#### Your instructions
The reply should be an exact repeat of the listing, with no pictures in it.

#### Given data
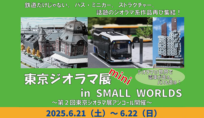 1/150スケール・1/80スケールといった鉄道模型の縮尺でありながら、ミニカーやトラック・バス、そしてビル等の建築模型、目線を下げると実景と見間違えるような写実性の高い完成度のジオラマ作品を中心とする「鉄道車両」以外の要素にもスポットを置いた模型・ジオラマ作品の展示会イベントです。
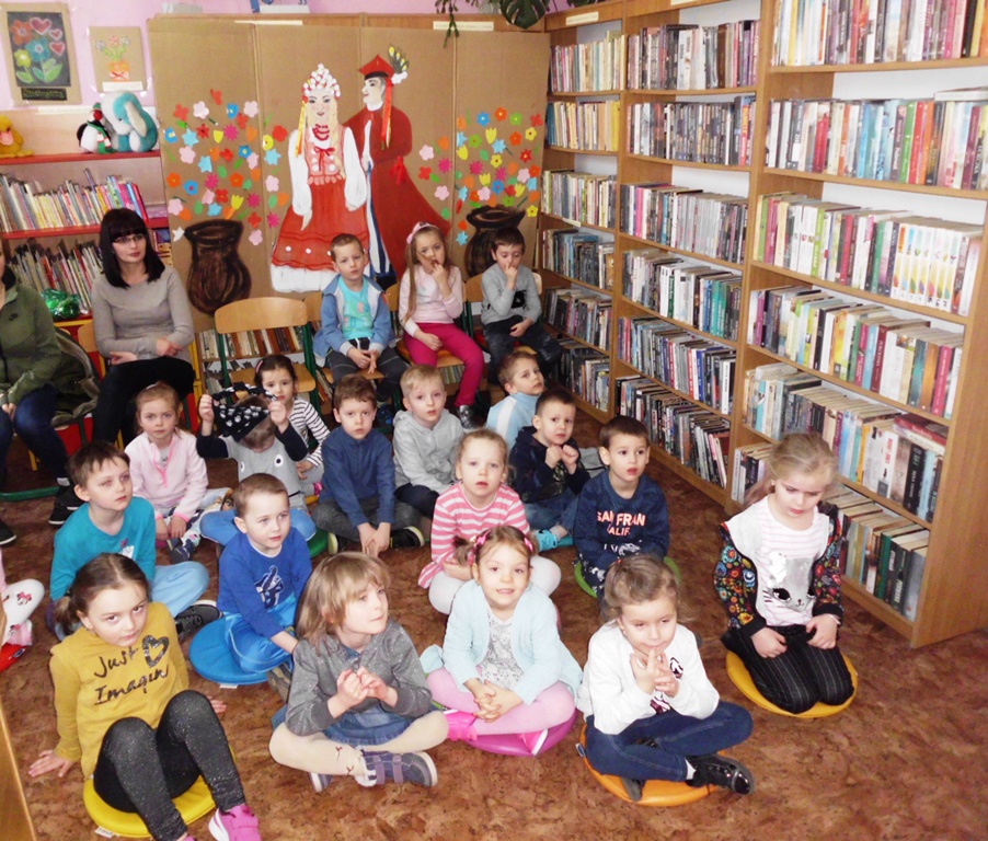 Na początek przedszkolaki szukały zwiastunów wiosny, które ukryły się za regałami. Były to kolorowe motylki, wiatraczki-kwiatki. Grzecznie wysłuchały wiersza Maminki „Suknia Pani Wiosny” oraz „Wiosny” Jana Brzechwy.
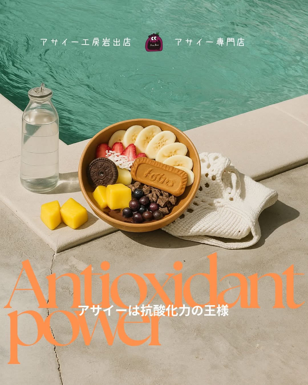 2025年6月にオープンしたアサイー専門店です。和歌山市北ノ新地の国道沿いにあり、たこテラスジャンボの隣という分かりやすい立地。FUJIMOTO SEIKA直送のフルーツを使用した本格的なアサイーボウルが楽しめます。
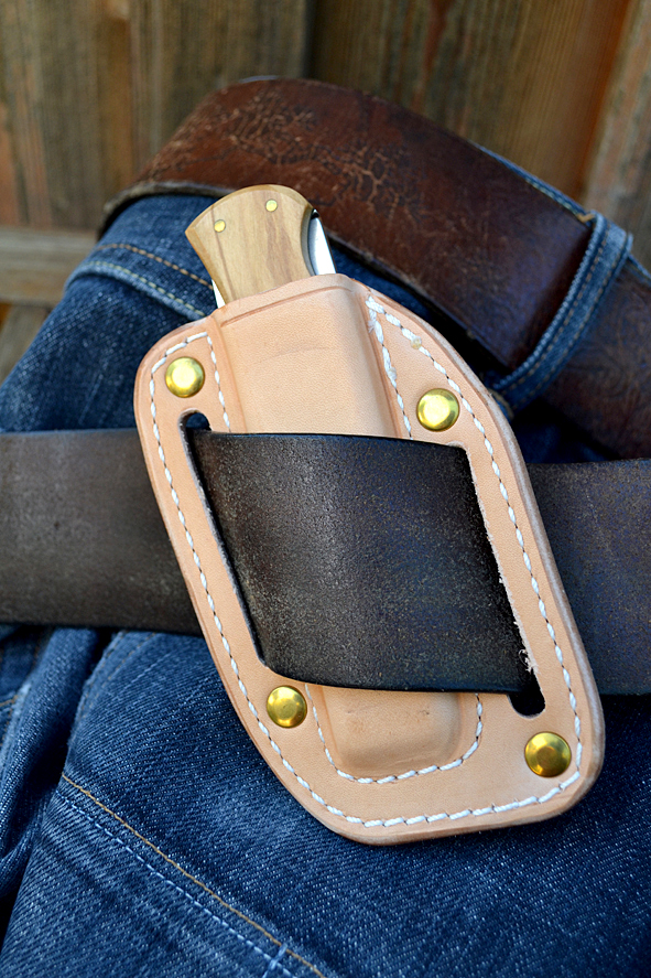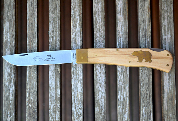 I own a lot of knives but not such a nice combination: The ONDURA pocketknife with its so well done pancake holster – an absolute must have for men loving knives, collecting knives … The knife is a simple classic German pocketknife, which was developed and produced by famous OTTER-Messer Company in Solingen/Germany. For ONDURA it was really important to get a knife which is made complete traditionally here in Germany. The blade length is 100 mm and made of carbon steel. For safety reasons it is fitted with a backlock. The handles are so nice to touch – in German we call this a “Handschmeichler” –, these are made from olive wood with a nice texture. The brass ONDURA bear in the inlay is not just nice to watch: the bear on the knife and the bear on the holster must be covered by each other – there is only one way to put the knife into the holster: bear over bear. This works perfect! The “pancake” holster is made of two 4mm thick vegetal tanned leather layers It is clued, sewed and riveted, mould and decorated with the ONDURA bear branding. The edges are brushed and polished. ONDURA offers also the perfect belt for the holster, the Workman Belt in tan. But I think it fits my vintage DUKES belt as good … Now the holster must age in daily use … exciting about the look it will get. Guys, this must be one thing written to your x-mas list – time is running 😉 pics | LTG

#### Written answer
 1/150スケール・1/80スケールといった鉄道模型の縮尺でありながら、ミニカーやトラック・バス、そしてビル等の建築模型、目線を下げると実景と見間違えるような写実性の高い完成度のジオラマ作品を中心とする「鉄道車両」以外の要素にもスポットを置いた模型・ジオラマ作品の展示会イベントです。
 Na początek przedszkolaki szukały zwiastunów wiosny, które ukryły się za regałami. Były to kolorowe motylki, wiatraczki-kwiatki. Grzecznie wysłuchały wiersza Maminki „Suknia Pani Wiosny” oraz „Wiosny” Jana Brzechwy.
 2025年6月にオープンしたアサイー専門店です。和歌山市北ノ新地の国道沿いにあり、たこテラスジャンボの隣という分かりやすい立地。FUJIMOTO SEIKA直送のフルーツを使用した本格的なアサイーボウルが楽しめます。
 I own a lot of knives but not such a nice combination: The ONDURA pocketknife with its so well done pancake holster – an absolute must have for men loving knives, collecting knives … The knife is a simple classic German pocketknife, which was developed and produced by famous OTTER-Messer Company in Solingen/Germany. For ONDURA it was really important to get a knife which is made complete traditionally here in Germany. The blade length is 100 mm and made of carbon steel. For safety reasons it is fitted with a backlock. The handles are so nice to touch – in German we call this a “Handschmeichler” –, these are made from olive wood with a nice texture. The brass ONDURA bear in the inlay is not just nice to watch: the bear on the knife and the bear on the holster must be covered by each other – there is only one way to put the knife into the holster: bear over bear. This works perfect! The “pancake” holster is made of two 4mm thick vegetal tanned leather layers It is clued, sewed and riveted, mould and decorated with the ONDURA bear branding. The edges are brushed and polished. ONDURA offers also the perfect belt for the holster, the Workman Belt in tan. But I think it fits my vintage DUKES belt as good … Now the holster must age in daily use … exciting about the look it will get. Guys, this must be one thing written to your x-mas list – time is running 😉 pics | LTG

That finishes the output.